A totally hypothetical and insane requirement, incontestably prone to excessive criticism (to put it mildly) from Joe Celko, if he ever happens to visit my blog :)

But, lets just assume that the requirement is warranted and we need a solution in SQL Server 2000.
I have a table with this definition.

CREATE TABLE BAD_ENCRYPTION(VAL_ID INT, VALUE VARCHAR(100))


And the following sample data.

INSERT INTO BAD_ENCRYPTION VALUES(1,'OAMBNRITBAUQZYZZ')
INSERT INTO BAD_ENCRYPTION VALUES(2,'SAQWLR')
INSERT INTO BAD_ENCRYPTION VALUES(3,'GZAXRCBVABGNEM')
INSERT INTO BAD_ENCRYPTION VALUES(4,'CAOWLELYEHCGTHOLR@')


If, you didn't guess the encryption strategy, the four rows will have the value OMNIBUZZ, SQL, GARBAGE, COLLECTOR if you knock off the letters in the even numbered positions.
Now, I need a query that will accept the unencrypted word and find the corresponding ID. Say, I search for GARBAGE, I need to get the value 3.


Assumptions:

  • Lets say there are about 50,000 rows.
  • And my search will result in only one row.
  • I can change my table design, if necessary
  • I cannot have a computed column having the actual value (then the whole point of this rudimentary encryption is lost).
How will I go about getting the data. What is my best approach?

12 comments:

Anonymous said...

pretty easy I would say

select *
from BAD_ENCRYPTION
where VALUE like '%g_a_r_b_a_g_e%'

Omnibuzz said...

Fair Enough Denis. Though I was looking at how you would form 'g_a_r_b_a_g_e_' from the input 'garbage' without a while loop (A set based solution).

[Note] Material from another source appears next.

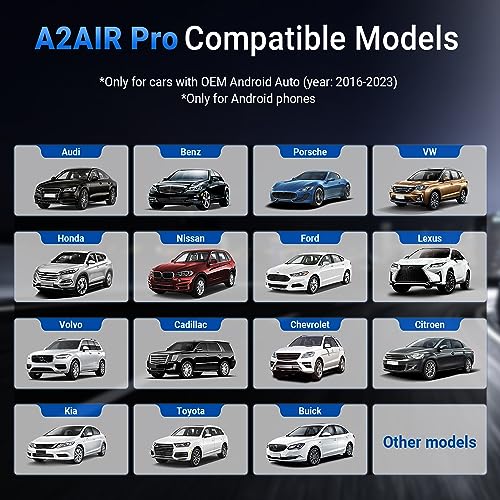 - 【 الموديلات المتوافقة】يتوافق محول السيارة A2Air برو بنظام أندرويد من اوتوكاست مع مجموعة كبيرة من السيارات التي تدعم نظام أندرويد اوتو السلكي من المصنع. سواء كنت تمتلك علامة تجارية أمريكية شهيرة للسيارات مثل فورد أو شيفروليه أو دودج أو أي سيارة أخرى مجهزة بنظام أندرويد اوتو السلكي من المصنع، فإن محول A2Air برو هو الترقية المثالية لسيارتك. استمتع براحة الاتصال اللاسلكي دون الحاجة إلى أي تعديلات إضافية أو تركيبات معقدة.
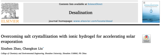 题为“Overcoming salt crystallization with ionic hydrogel for accelerating solar evaporation”的研究性论文,副研究员赵新振为第一作者,刘长坤副教授为通讯作者,芒果体育为第一作者单位和唯一通讯单位。该论文发表于国际著名期刊Desalination(中科院大类1区,影响因子9.5(接收发表日))上。

As an extension, can you think of a way to can get me the decrypted values for all the rows by knocking of the alternating characters?

Anonymous said...

Still pretty easy. ;)

1:
declare @mystring varchar(20)
set @mystring = 'GARBAGE'

select * from bad_encryption
where value like
(select substring(@mystring, n.num, 1) + '_'
from dbo.nums n
where n.num <= len(@mystring)
for xml path(''))


2:
select *,
(
select substring(e.value,n.num,1)
from dbo.nums n
where n.num <= len(e.value)
and n.num % 2 = 1
for xml path('')
) as decrypted
from bad_encryption e

I'm sure there's a better way of using "for xml path('')" which will allow grouping... this does work though...

Omnibuzz said...

Rob,
This will work for SQL Server 2005. We can even use a CLR function to get it.

But I need the solution for SQL Server 2000.

I guess we cannot do the decryption in SQL Server 2000 without a UDF having a while loop.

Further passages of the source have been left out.